立教大学2006年 新学部・新学科開設記念 連続公開シンポジウム <未来の声を聴こう>
写真 立教大学は今年、2つの新学部(経営学部、現代心理学部)と7つの新学科(経済政策学科、メディア社会学科、交流文化学科、コミュニティ政策学科、文学科〈文芸・思想専修など5専修に再編〉、国際経営学科、映像身体学科)を開設しました。これは、時代の大きな変化に対応すると共に、新たな知の創造をめざす教育改革の一環です。
2007年4月には、法学部の「国際・比較法学科」を「国際ビジネス法学科」に名称変更し、グローバル化するビジネス社会で求められる人材育成のための教育プログラムを拡充します。

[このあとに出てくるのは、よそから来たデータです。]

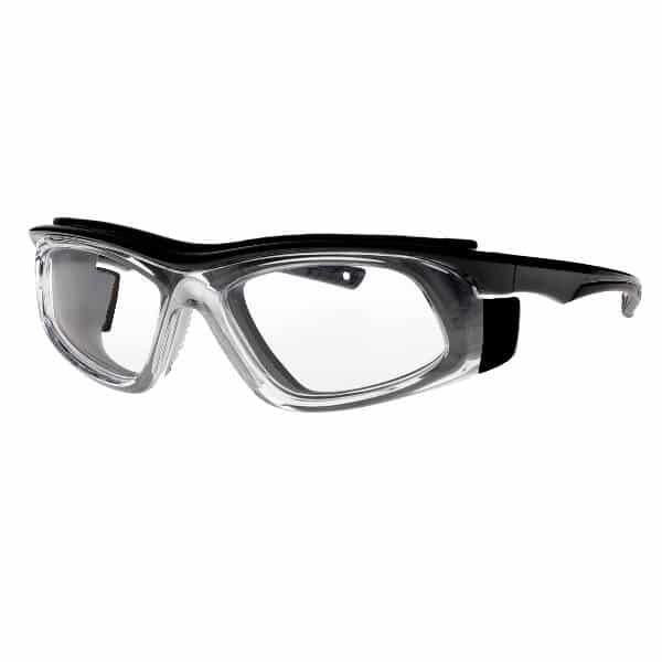 These glasses are also unique in that the frame is fitted with a silicone gasket which can be removed when not required. This gasket helps to keep dust and small particles out of the eye area. This frame is available in orange with clear and black with clear.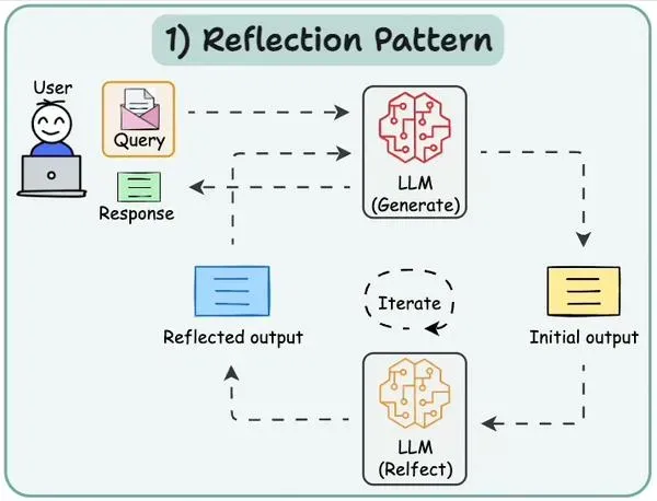 反思模式也映射了科学研究中的 “假设—实验—批判—修正” 循环。初步输出是 “假设”,反思是 “批判”,多轮迭代是 “修正”,最终输出是 “理论” 或 “结论”。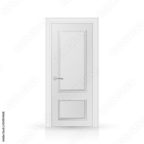 © brovkoserhii, Naklejka premium Closed white entrance door isolated on white background. Realistic vector illustration.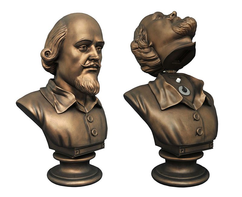 Holy Taming of the Shrew! Based on the Shakespeare bust that unlocked the moving bookcase in the TV series, this life-size vinyl bank is a must have for any red-blooded crime-fighter. Featuring a coin slot, access door, and neck hinge so you can tilt back the head revealing a dial and button, this bank might not activate your Bat-Poles and access to the Batcave, but it does an amazing job collecting spare change.
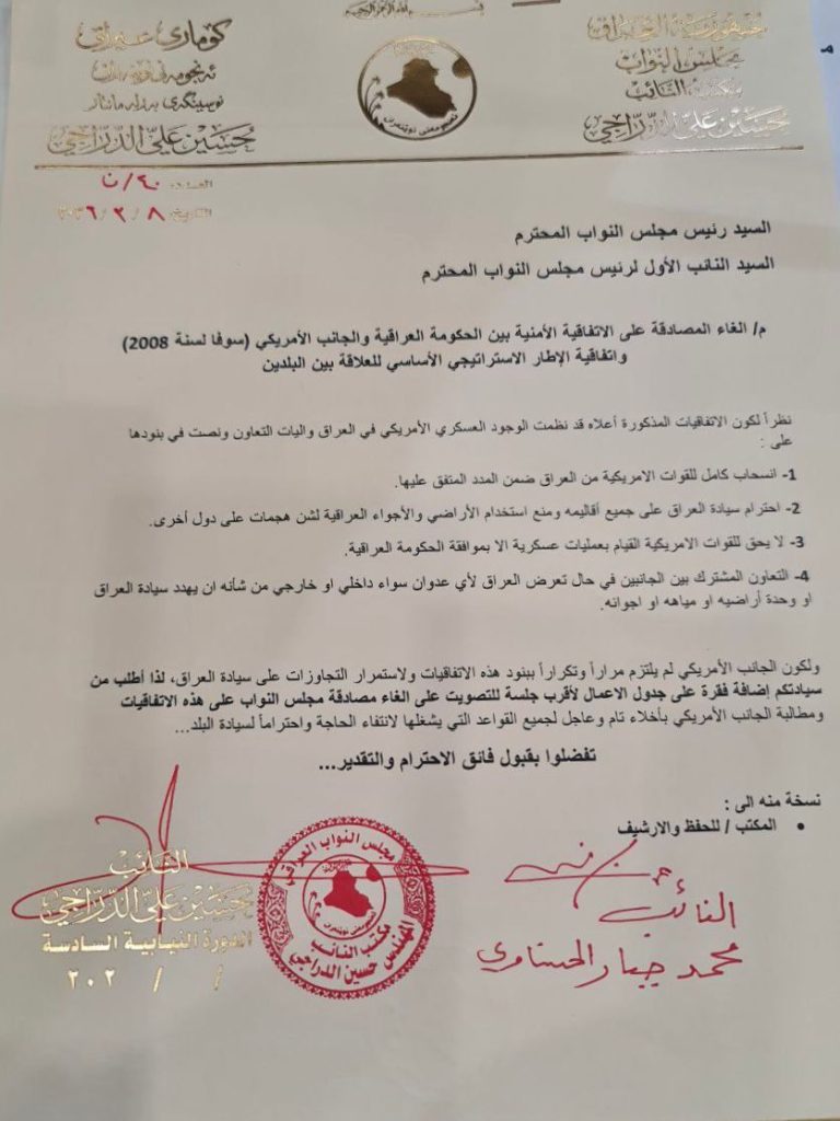 ويأتي هذا الحراك النيابي رداً على ما وصف بتكرار التجاوزات على السيادة العراقية وعدم الالتزام ببنود الاتفاقية، مع التأكيد على ضرورة الإخلاء التام والقريب لكافة القواعد العسكرية الأجنبية، استناداً إلى مبادئ السيادة الوطنية الكاملة وحماية أمن واستقرار البلاد.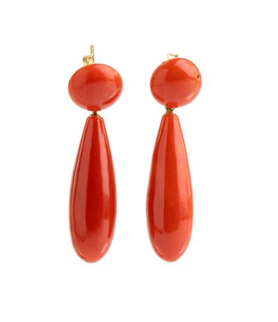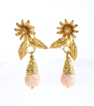 Paio di orecchini pendenti in oro e corallo Cerasuolo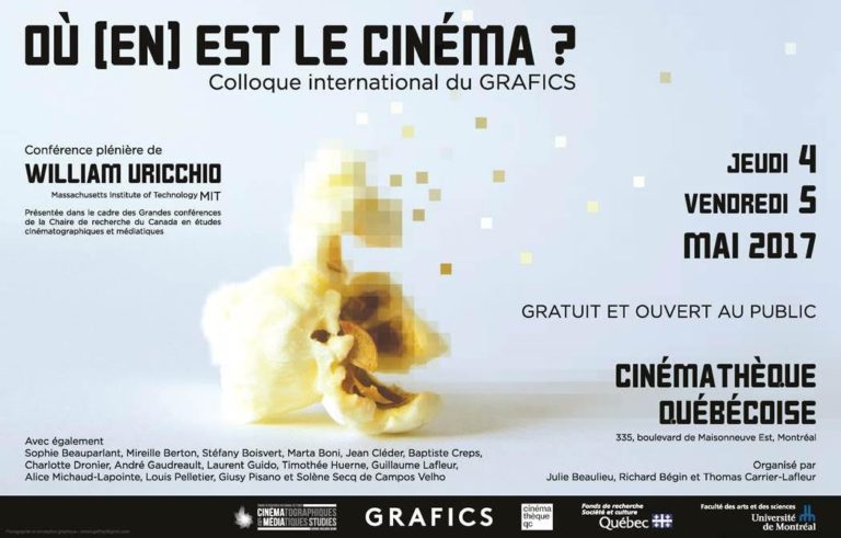 Il se tiendra à la Cinémathèque québécoise les 4 et 5 mai 2017. Ce colloque est organisé par Julie Beaulieu, Richard Bégin membres réguliers du GRAFICS et Thomas Carrier-Lafleur, postdoctorant du GRAFICS. De nombreux étudiants et membres du GRAFICS y prendront part.
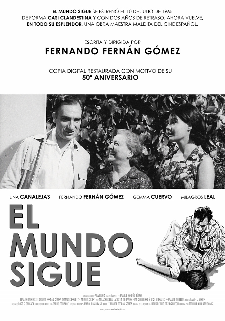 10 de julio de 1965. Bilbao, Cine Buenos Aires. Sesión doble de estreno. Una de las dos películas se titula El mundo sigue. La protagoniza Fernando Fernán Gómez junto a Lina Canalejas y Gemma Cuervo. Aunque dentro del cartel aparezca su nombre en segundo lugar, el suyo es un personaje secundario. Un poco más abajo se repite: también es el director. Esto último no sorprenderá a quien lo lea. Auténtico intérprete estrella de nuestro cine, Fernán Gómez ya ha dirigido hasta ese momento siete películas, algunas con éxito como La vida por delante (1958), La vida alrededor (1959) o La venganza de Don Mendo (1962). Aquí sucede, sin embargo, algo extraño. Al decir que la película se pasa de estreno en el Buenos Aires de Bilbao, significa que se estrena en ese cine y en esa ciudad. El mundo sigue no se proyecta en Madrid. Ni si ha proyectado antes, ni lo hará después comercialmente. Tampoco se anuncia en Barcelona. Es una película que apenas existe. Quizás resulta mala, un título de relleno para sesiones dobles que sus responsables se han sacado de la manga apresuradamente, un repudio por parte de los mismos. Este destino, estrenarse en Bilbao, en el cine Buenos Aires, tal vez se deba a que es realmente una película cualquiera. Pero no, El mundo sigue no es una película cualquiera, sino todo lo contrario. Y por ello, por resultar de veras excepcional, y excepcional en varios sentidos de la palabra, conoce esta llegada tan marginal al público. Es un film silenciado. Velado. Lo terminaron y no se vio. Hasta el día de hoy.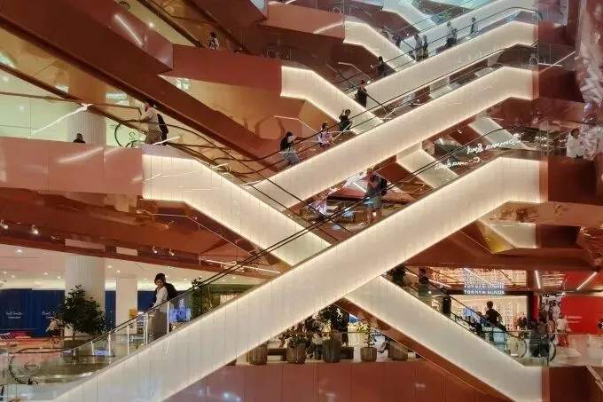 在设计理念上,项目巧妙地将佛统府的佛教文化精髓融入现代商业空间之中,使得购物中心不仅是一个消费场所,更是一个充满文化内涵和视觉冲击力的艺术空间。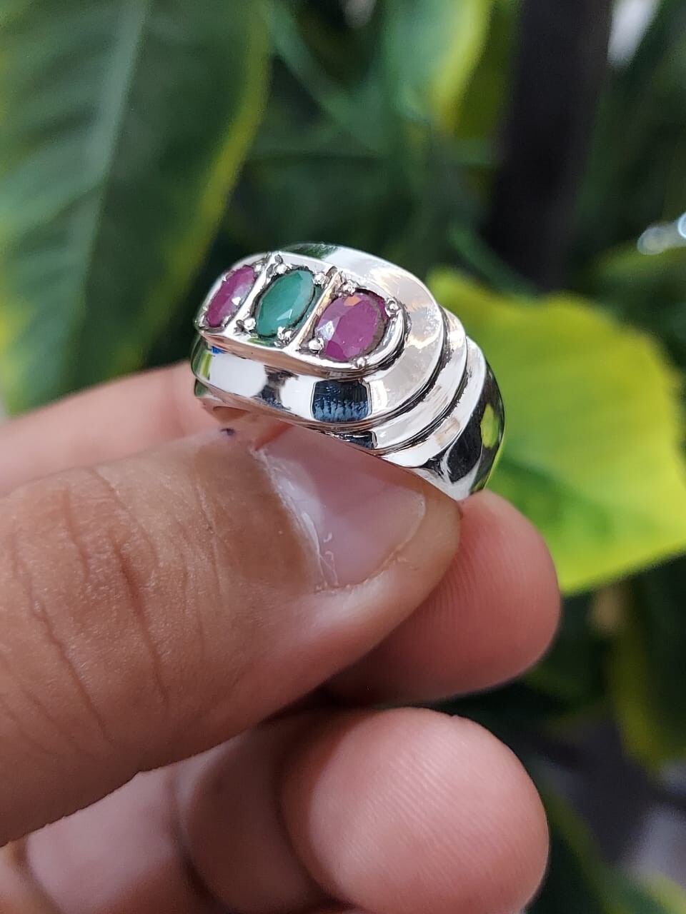 Natural Multi Color Band Emerald Stone With Natural Rubies Stone Ring Gift Ring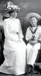 As the children grew up, she became especially close to the youngest child, John, who had epilepsy and learning difficulties.[3] Although John originally stayed at York Cottage with his mother and father, he was separated from them and moved with Bill to nearby Wood Farm on the Sandringham Estate.[3] Bill nursed John until his death from a severe epileptic seizure on 18 January 1919. It was Bill who telephoned Queen Mary to inform her of his death, and she and the King travelled from Buckingham Palace to Wood Farm to see their dead son. Bill attended his burial at Sandringham Church, where he was interred next to his uncle Prince Alexander John of Wales, the infant son of King Edward VII and Queen Alexandra, John's grandparents.[1]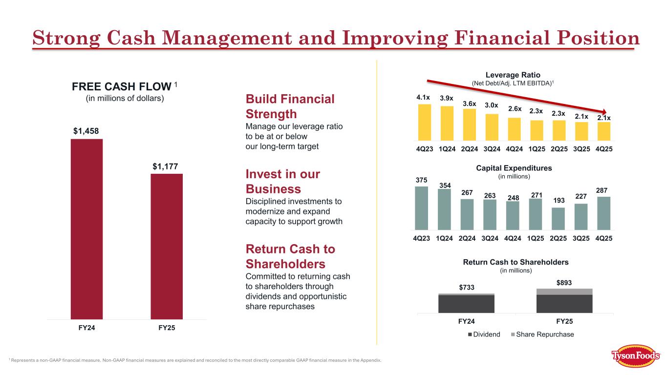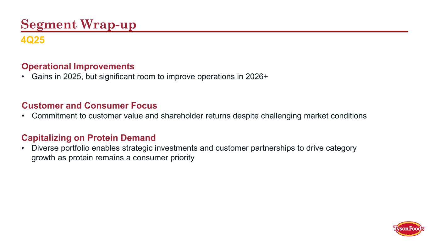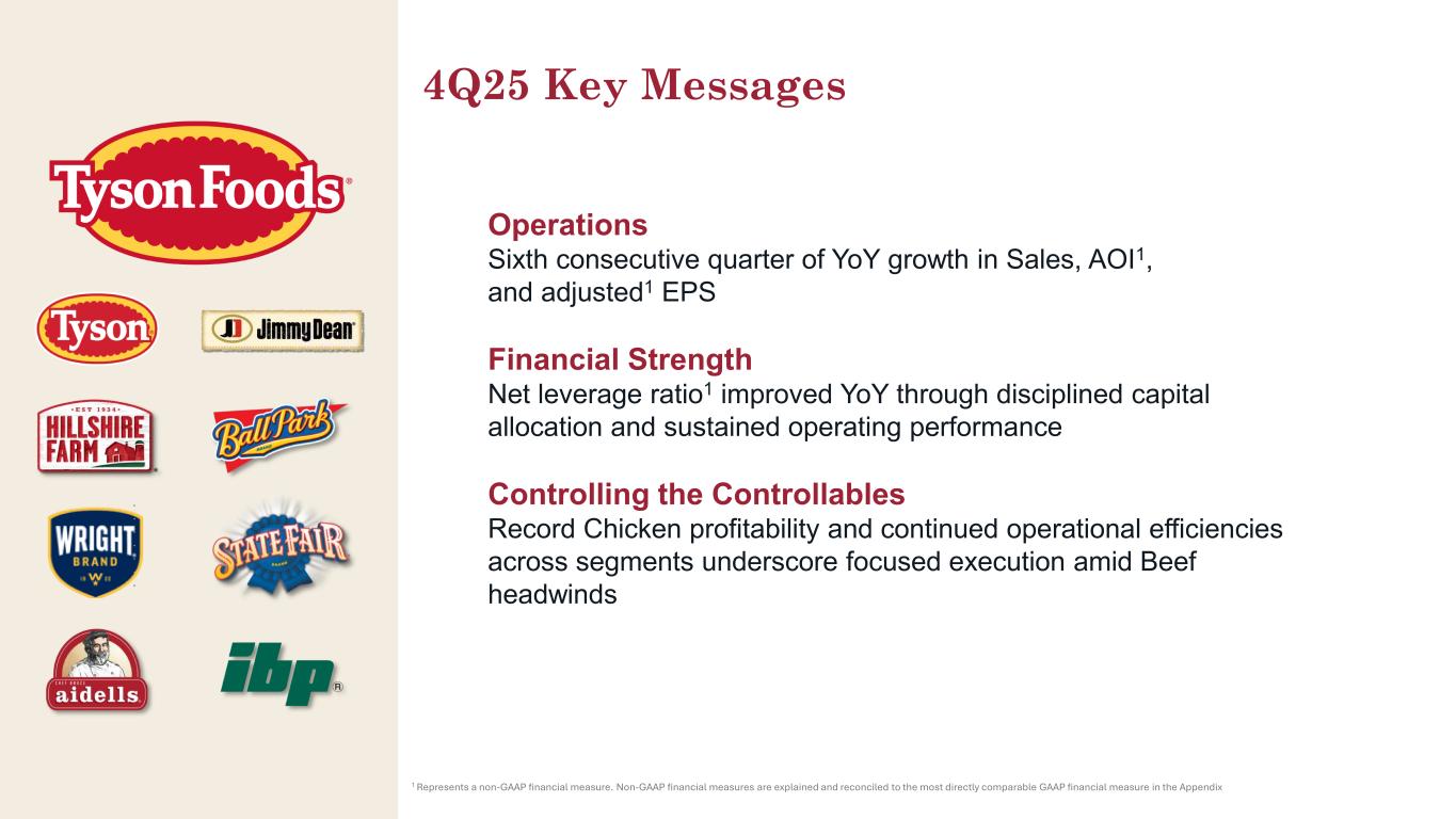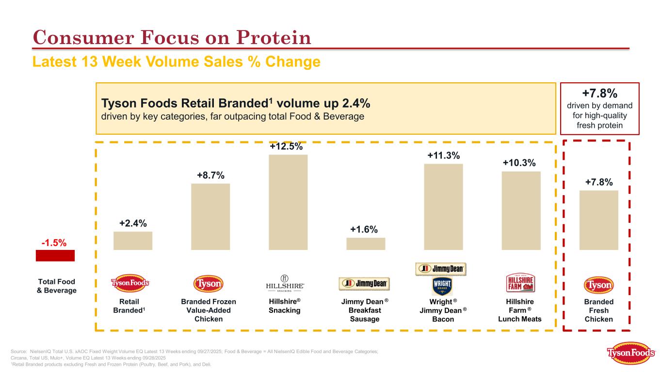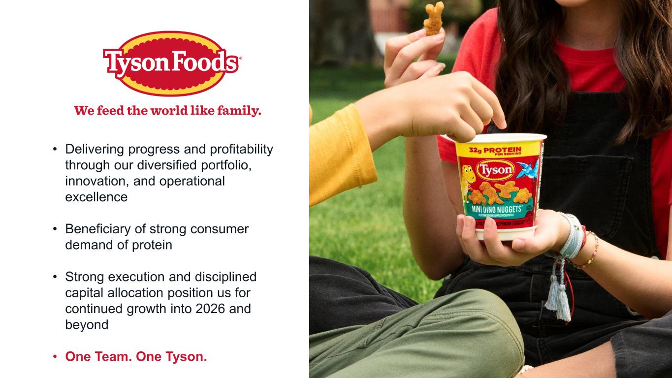 アーカンソー州スプリングデール-2025年11月10日-世界最大級の食品会社であり、タイソン、ジミー・ディーン、ヒルシャー・ファーム、ボールパーク、ライト、エイデルス、ibp、ステート・フェアなどの一流ブランドを擁し、タンパク質のリーダーとして知られるタイソン・フーズ・インク(NYSE:TSN)は、以下の決算を発表した: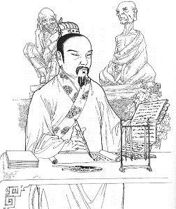 姓萧,名统,字德施,梁武帝之太子。天性仁孝,行为正直,资质明敏,喜爱文学,得力于刘勰 (《文心雕龙》作者)。勰于佛教始谤终信,后出家为慧地法师。太子受其父熏染,笃信佛教,喜诵《金刚经》,将该经分为三十二分。一生精力,集中于古今文学,搜集秦汉至齐梁之诗文,编成文选,后人称为《昭明文选》。古今总汇,是书为弁冕,为后世作文准绳。惜年三十一卒,谥为昭明。萧氏文学造诣颇深,对宫体文有所创作。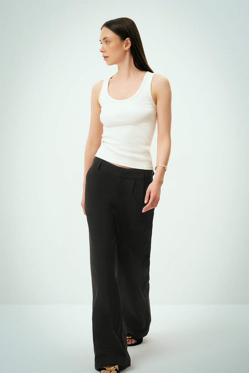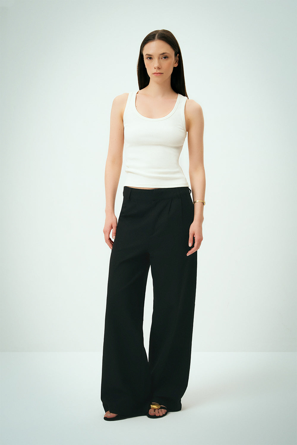 Noir Keten Pantolon, palazzo kalıbı ve doğal keten/viskon kumaş karışımıyla şıklığı ve konforu bir arada sunar.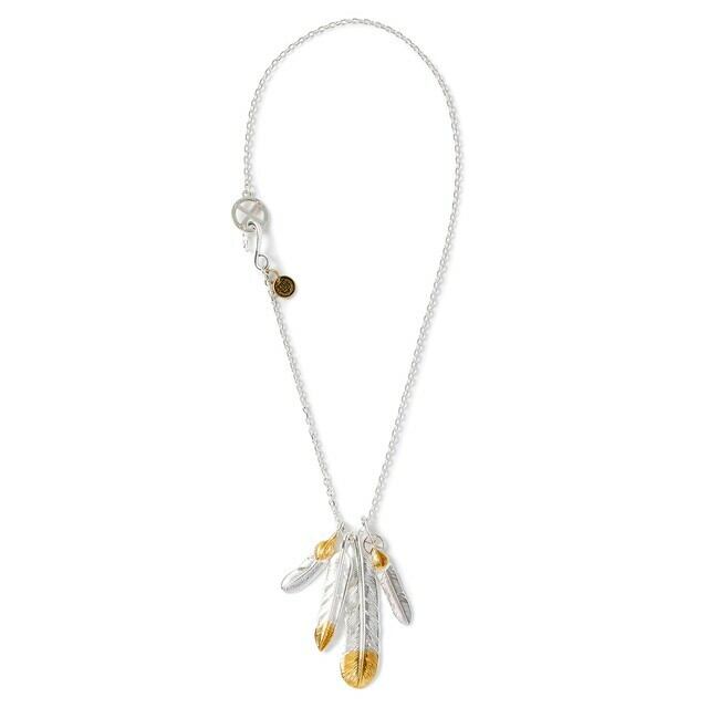 フェザーモチーフのネックレス。ネイティブ感のあるデザインが着こなしのアクセントになります。シンプルな着こなしでも、装着するだけで充分存在感を発揮してくれるアイテムです。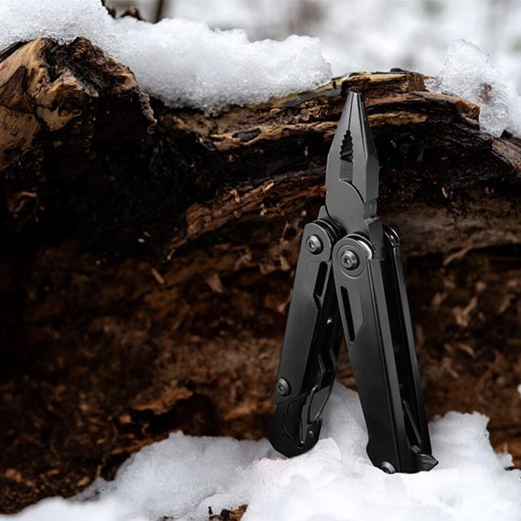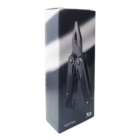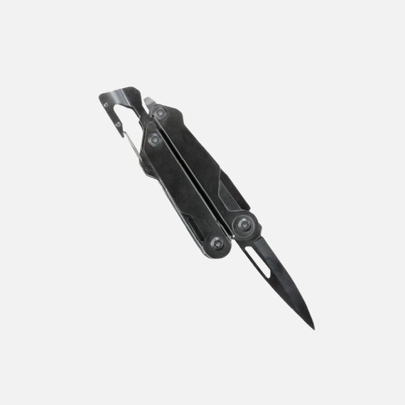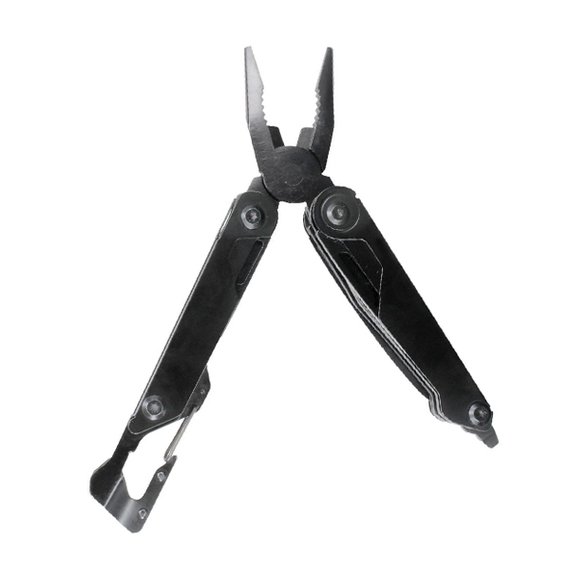 Pieni ruostumattomasta teräksestä valmistettu monitoimityökalu mustalla pinnoitteella. Kaikki tarvittava löytyy 12 eri toiminnon avulla: 2x pihdit, kaapelinkuorijat, veitsi, saha, 3x ruuvimeisseliä, laatikkoleikkuri, tölkin- ja pullonavaaja ja karabiinikoukku. Mitat (suljettuna) 11,7 x 3,8 x 1,95 cm. Paino 205 g.

これらを記念して、昨年度に引き続き、各分野における先端的な課題をとらえた連続公開シンポジウム<未来の声を聴こう>を開催します。

採録
若者チャレンジ キャリアシンポジウム Career Symposium 写真
~悩むチカラから始まる。見えない可能性と出会う。~
山田 昌弘 氏(東京学芸大学教育学部教授、「若者の人間力を高めるための国民会議」委員)石田 衣良 氏(作家)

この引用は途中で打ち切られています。